The curated alignments from CDD (Marchler-Bauer et al. 2002) provide an accurate representation of the conserved core of ancient protein domain families and can be used for this purpose. Importantly, each curated CDD alignment also records aligned conserved features of the family; the alignments at these functionally important sites have undergone particularly careful scrutiny by the CDD curators. Therefore, the CDD alignments are a good resource for large-scale analysis of conservation patterns across different protein functions. As demonstrated by the current study, conservation criteria extracted from this data set can be used to train successful function prediction software tools.

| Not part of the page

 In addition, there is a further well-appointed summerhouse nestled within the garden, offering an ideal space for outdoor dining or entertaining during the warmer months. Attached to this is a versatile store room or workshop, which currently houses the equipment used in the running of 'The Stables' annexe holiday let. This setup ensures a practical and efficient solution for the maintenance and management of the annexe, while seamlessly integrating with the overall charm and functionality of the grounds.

We have compared the degree of conservation across six different molecular functions as well as 16 different biological functions. Certainly, the definition and categorization of protein functions continues to be a debatable issue, influenced as it is by subjective decisions. On the other hand, a systematic, consistently applied categorization of protein functions does provide hope for a tractable model from which we may gain understanding of the conservation patterns displayed for different biological and/or molecular functions. Understanding the physio-chemical distribution and evolutionary conservation pattern across homologous sequences at functionally important sites will help us gain insights into protein interactions with other molecules and, ultimately, improve function prediction in proteins.

A comparative analysis of conservation criteria across our six molecular functional categories indicates that metal binding sites and active sites have a notably similar evolutionary conservation pattern across a broad range of protein families and are significantly more conserved than protein binding and post-translational modification sites. However, we find that conservation patterns across our biological functional categories are much less distinctive (data not shown). This suggests a greater level of complexity and is likely due to the fact that a mixture of molecular functions is often required to carry out a biological function.

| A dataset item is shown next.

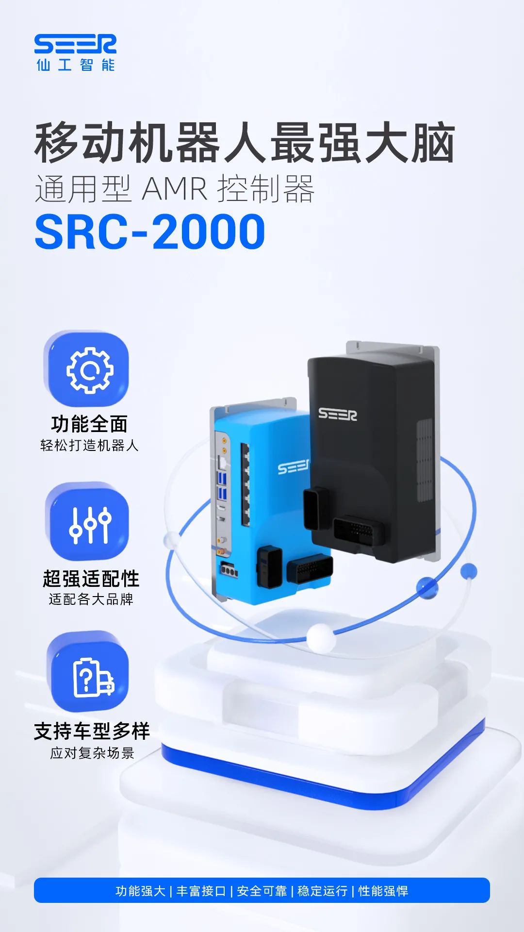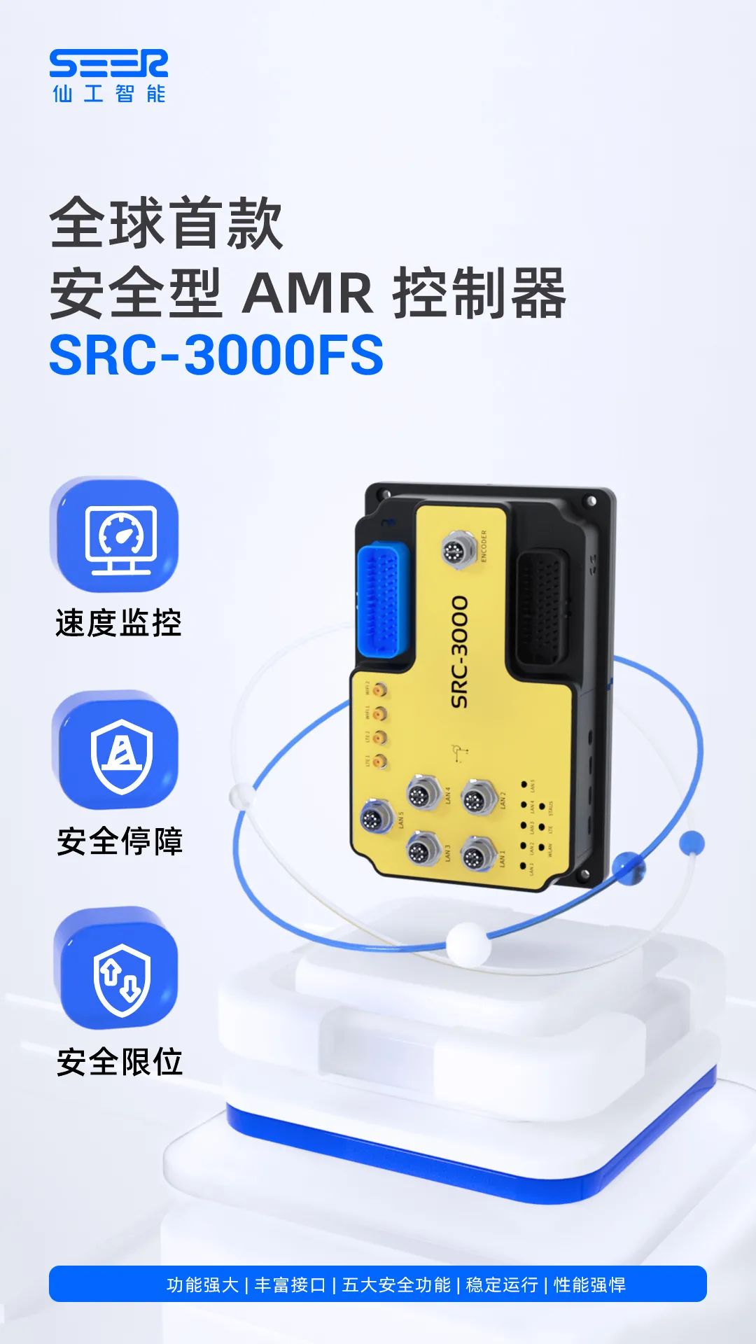 基础款 AMR 控制器 SRC-2000,可控制多种类型移动机器人,最新款 SRC- 2000 还可控制复合机器人的手臂。SRC-2000, the basic AMR controller, can control various types of mobile robots. The latest version of SRC-2000 can even control the arms of composite robots.全球首款安全型控制器 SRC-3000FS,全覆盖 SRC-2000 的功能,通过了 CE安全认证,可打造安全型 AMR。

In the bulk of this work, we utilized several quantitative measures of sequence conservation at FICs that were suggested by the initial comparative analysis to provide a measure of distinction between FICs of different molecular function. From this, we formed a library of functional templates that was used to successfully predict functionally important sites in a query alignment while maintaining a relatively low rate of false prediction. The heuristic template match score we developed evaluates potential matches between library templates and query alignment columns in terms of a “composition pattern” vector (composed of the fraction of residues in each functional group) and several scalar statistics computed from the PSSM scores at the query alignment column. Molecular functions are transferred from those of the best predicted functional template.

Our results indicated that a combination of compositional and evolutionary conservation features can lead to improved prediction of functionally important sites compared to that achieved using any individual feature alone. As shown in the upper half of Table 4, we correctly identified 64% of the functionally important sites in our test set at an acceptable false positive rate of 15%. The joint identification of a functionally important site and its correct molecular function assignment at the same error rate only fell slightly below this level, to 54%. This implies that our prediction algorithm is very successful (~85%) at assigning molecular functions.

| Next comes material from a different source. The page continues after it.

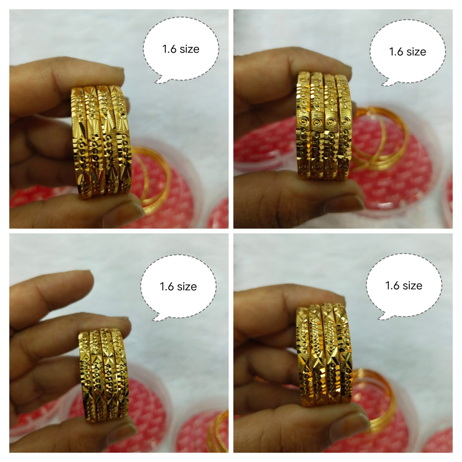 Be the first to review “Gold plated Traditional Bangles (set of 4) – Size 1.6 Price Rs.110/- only” Cancel reply

Data set incompatibility between existing function prediction programs makes it difficult to do a thorough comparison study using a single data set. Therefore, we qualitatively compare the performance of our function prediction module with some of the existing methods. The performance (in terms of sensitivity) of our prediction algorithm at a given error rate closely resembles the results of Panchenko et al. (2004), who describes a strategy of protein function prediction utilizing sequence conservation supplemented by structural information such as spatial contacts and solvent accessibility. At a 15% error rate we obtained slightly better sensitivity (54%) compared to a weighted average of sensitivity (~52%) for the overall data set described by Panchenko et al. (2004). Our prediction sensitivity at a 1% error rate is also comparable to results obtained by other sequence and structure based methods (Chelliah et al. 2004; Vinayagam et al. 2004; Cheng et al. 2005). Overall, our benchmarking studies show good sensitivity/specificity for the prediction of functional sites and high accuracy in attributing the correct molecular function type to the predicted sites. Although the template library was constructed using curated, structure-based multiple alignments from CDD as a source, this prediction method only uses information derived from homologous sequences in a query alignment; no structural information from the query is used. Therefore, this method could be extremely useful for automated, large-scale functional annotation.

Materials and methods

Data set

We selected 210 curated domain alignments (set_210) from version 2.03 of the Conserved Domain Database (CDD): The most current version of CDD is available at http://www.ncbi.nlm.nih.gov/Structure/cdd/cdd.shtml (Marchler-Bauer et al. 2002). Multiple alignments in CDD have been manually curated to reconcile sequence alignments with protein 3D structures and structure–structure alignments. A wide range of protein domain families appear in set_210, and all have at least three structural representatives. Functionally important sites (e.g., residues that participate at active sites, make contacts with ligands or macromolecules, etc.) for these families have been annotated manually by CDD curators who base their decisions on evidence available in the literature and other relevant scientific sources (Marchler-Bauer et al. 2002).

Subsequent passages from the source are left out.